Playoff baseball also calls for significant contributions in less glamorous moments. It seems the All Aces, All The Time approach that dominated for a stretch — culminating in that 2019 Nationals team that faced the Justin Verlander-Gerrit Cole Astros — may be waning. You can see in the chart below how the last teams standing in the post-COVID 2020 and 2021 postseasons leaned on their most prominent pitchers less.
Where the three most-used arms were expected to combine for at least 95 or 100 innings in October five years ago, the 2021 Astros required only 70, and the champion Braves won with 89 innings from Max Fried, Ian Anderson and Charlie Morton.
The shift isn’t just about whether top starters contribute out of the bullpen on their throw days. That risk may indeed be less palatable to teams — Scherzer missed his NLCS start after closing NLDS Game 5 against the Giants last season — but there are also more pitchers than ever accustomed to operating on five days rest, not the traditional four. Nearly every top starter expected to pitch in this postseason made at least half their starts this season on five or more days rest. Yankees ace Gerrit Cole, the starter on the most traditional schedule, made 17 starts on four days rest and 16 starts on five or more.
More innings were already going to be entrusted to the second line of the staff, so to speak. Last year’s champion Braves got outs from then-swingman Kyle Wright, Jesse Chavez and Luke Jackson. For the AL-winning Astros, it was Ryne Stanek, Cristian Javier and No. 4 starter José Urquidy.

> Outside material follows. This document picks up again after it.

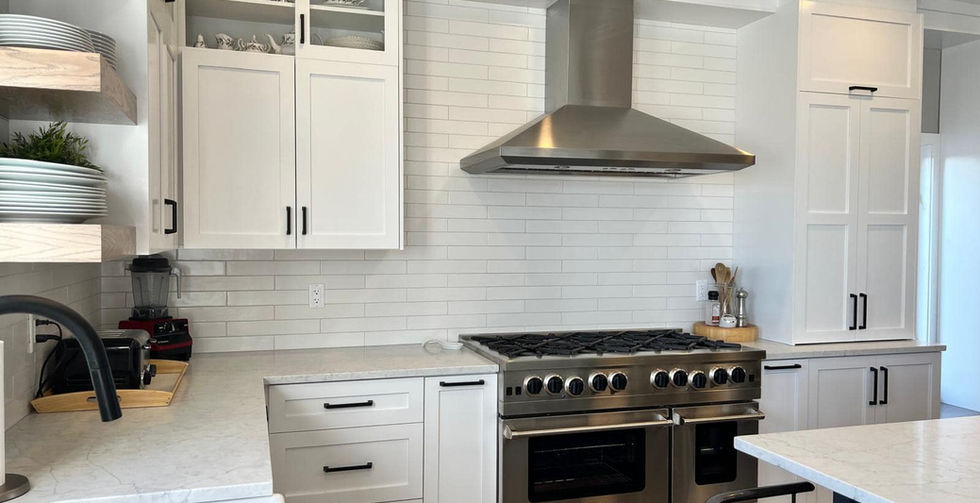 This kitchen features sleek, crisp white cupboards paired with a bold, custom blue island that makes a striking statement! The open shelves not only enhance the room’s airy feel but also offer the perfect space for showcasing plants, dinnerware or any decor of your choice. And how about that farmhouse sink - what a showstopper!!!

This season, the excised off days will only accentuate the importance of those crucial reinforcements.
Who has winning pitching depth in 2022 MLB playoffs?
So who has the abundance of arm talent to cover the crunch of important innings? Well, there are a lot of ways we could measure that. I’ve picked one way as a rough guide.

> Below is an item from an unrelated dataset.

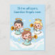 Three cute guardian angels playing trumpets Postcard. Customizable text: Divine whispers, guardian angels near.
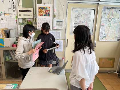 国語科「聞いて、考えを深めよう」では、下鳥羽のよいところに関わっている人にインタビューをしています。

I used Fielding Independent Pitching, a metric that uses strikeouts, walks and homers to give us a slightly more predictive picture of a pitcher’s performance than ERA. I wanted to see which teams in the Division Series had the most available (read: healthy) pitchers who posted second-half FIP marks of 3.30 or lower, which is roughly 20% better than average, in 20 or more innings.
The answer is what you’d expect: The Astros, whose rotation depth is the envy of the league, have the most, with eight. Dusty Baker’s usage of stellar arms like Cristian Javier, Luis Garcia and Hunter Brown — capable starters who nonetheless rank behind Verlander, Framber Valdez and Lance McCullers Jr. — could give Houston a major advantage.

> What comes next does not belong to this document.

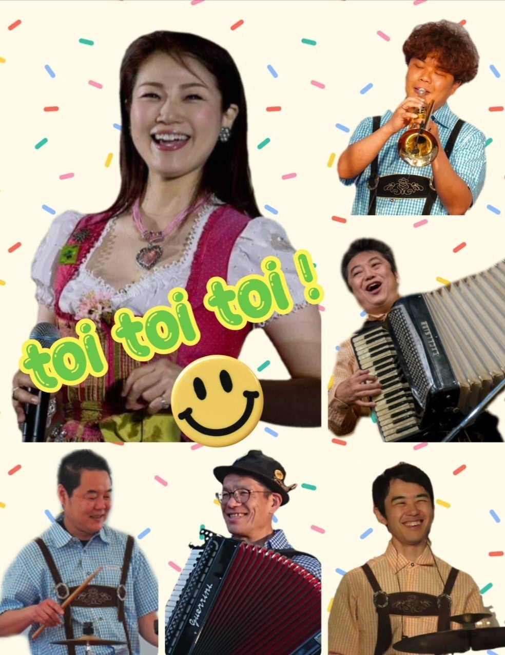 “toi,toi,toi!”(トイトイトイ!)とは、ドイツのおまじないの一つで、「上手くいくよ!」「大丈夫!」といった、相手の成功や幸せを祈る言葉。美味しいビールやお料理、そして私たちの音楽。飲んで食べて歌って踊って大いにお楽しみいただけます。

The Los Angeles Dodgers, Atlanta Braves and Cleveland Guardians each come into the playoffs with seven of those arms, bolstered significantly by deep bullpens. We already saw Cleveland’s in action in the Run Prevention-palooza that was AL wild-card Game 2.
The San Diego Padres and New York Yankees enter with the weakest units, at four such pitchers apiece. The Yankees are here not because they failed to accumulate the talent, but because so many of their best arms are injured. The injury bug, and the post-trade struggles of Frankie Montas, have taken a huge bite out of manager Aaron Boone’s depth. That leaves a lot of weight on the shoulders of the expected starters — Cole, Nestor Cortes Jr. and Luis Severino — and potentially on Jameson Taillon to pivot seamlessly between relief work and occasional starts.
Several regular season starters could be doing that delicate, but potentially advantageous, dance. Mariners rookie George Kirby produced an excellent 3.39 ERA in 25 starts, then wound up closing Seattle’s clinch against Toronto. If the Phillies plan to overcome the depth and rest edges the Braves carry into their series, they may need similar help from Zach Eflin — who already leapt into the closer role over the past week — as well as Bailey Falter and/or Noah Syndergaard.
One or more of these pitchers will find themselves in major moments this month. Their readiness might determine the outcome of one or more series. And almost assuredly, when the victor hoists the World Series trophy in November, it’s going to be on the strength of more arms than usual.